REBONTER - ¿Momias de Egipto?

ACHRAS - Sí, Señor. Y que así estaba previsto. Había una que  tenía aspecto de cocodrilo, fíjese usted, el cuerpo acorchado y el cráneo deprimido de los seres primitivos. La otra, Señor, fíjese usted, que tenia frente de un pensador y aspecto respetable, o por lo menos, la barba y d pelo brotaban canos.

REBONTIER - Señor no sé lo que quiere usted decir. Por otra parte, las momias, incluyendo al respetable viejo mono, han brincado fuera de las cajas entre los gritos de los empleados de arbitrios, y han tomado, para enorme estupor de los transeúntes, el tranvía del puente de Alma

ACHRAS - ¡Oh! Pues entonces. Es sorprendente. Hemos venido en ese vehículo, o mejor, ese tranvía.

REBONTIER - Es lo que me decía yo también, Señor. Es extraño que no les hayamos encontrado.

Escena II

LOS MISMOS

PADRE UBU, abriendo la puerta. Palotinos le iluminan.

PADRE UBU - ¡Ah! ¡Cuernoempanza! (A Achras.) Usted, Señor, déjeme en paz. Ya se lo he dicho.

ACHRAS - Oh. Pero es que, fíjese usted, aquí estoy en mi casa.

PADRE UBU - Cuerno de Ubu, Señor Rebontier, es usted, no lo dudo, quien viene a mi casa a hacerme cornudo, quiero decir confundir a nuestra virtuosa esposa con un orinal. Seremos padre algún día, gracias a usted, de por lo menos un arqueopterix que se nos parecerá bastante poco. En el  fondo creemos que matrimonio implica cornorio, y por lo tanto que el matrimonio sin cornorio no es válido. Pero por cuestión de formas hemos decidido actuar. ¡Palotinos, a tierra con él!

Los Palotinos cubren de golpes a Rebontier.

Alumbrad aquí. Y usted, Señor, contésteme. ¿Soy cornudo?

REBONTIER - Uauuuu. Uauuuu.

PADRE UBU - Esto va mal. No puede contestar porque ha caído de cabeza. Su cerebro se ha averiado sin duda en la circunvolución de Broca en donde reside la facultad de discurrir. Esta circunvolución es la tercera circunvolución frontal entrando a la izquierda. Pregunten al portero... Señores, perdón. Pregunten a todos los filósofos.
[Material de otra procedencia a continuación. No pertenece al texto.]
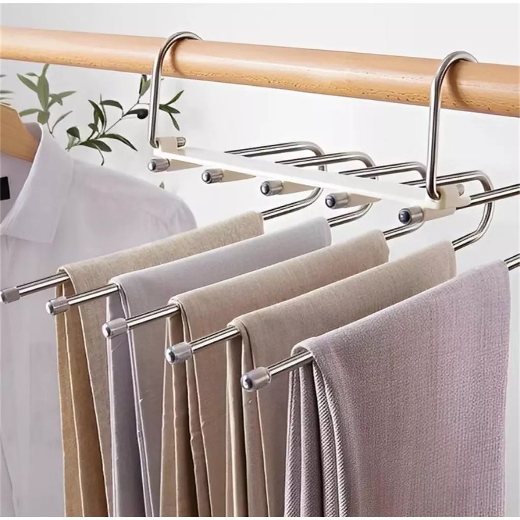 Kit Cabide Para Calça Organizador Aço Inox Multifuncional Retrátil 5 em 1
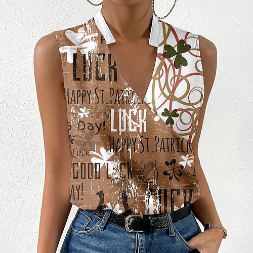 Canotta da donna per il giorno di San Patrizio Shamrock Lettera Moda Senza maniche A V Tops normali St. Patrick's Day Stampa casual Rossa Blu Verde Khaki Grigia Estate

Esta disolución intelectual tiene por causa una atrofia que invade poco a poco la corteza del cerebro, después a la substancia blanca, ocasionando una degeneración grasosa y atoromatosa de las células, de los tubos y de los capilares de la sustancia nerviosa. No podemos hacer nada por el Señor. Nos contentaremos con retorcerle la nariz y las onejas con extracción de lengua y ablación de los dientes, laceración del trasero, desplazamiento de la médula espinal, y arranque parcial o total del cerebro por los talones. Primero será empalado, después decapitado, y finalmente despedazado.  Después el  Señor será libre, gracias a nuestra mansedumbre, de irse a que le ahorquen a otra parte. No se le hará ningún otro daño ya que quiero tratarle bien.

LOS PALOTINOS - ¡Ohn! Señorgg.

PADRE UBU - ¡Cuernoempanza! He olvidado consultar a mi Conciencia.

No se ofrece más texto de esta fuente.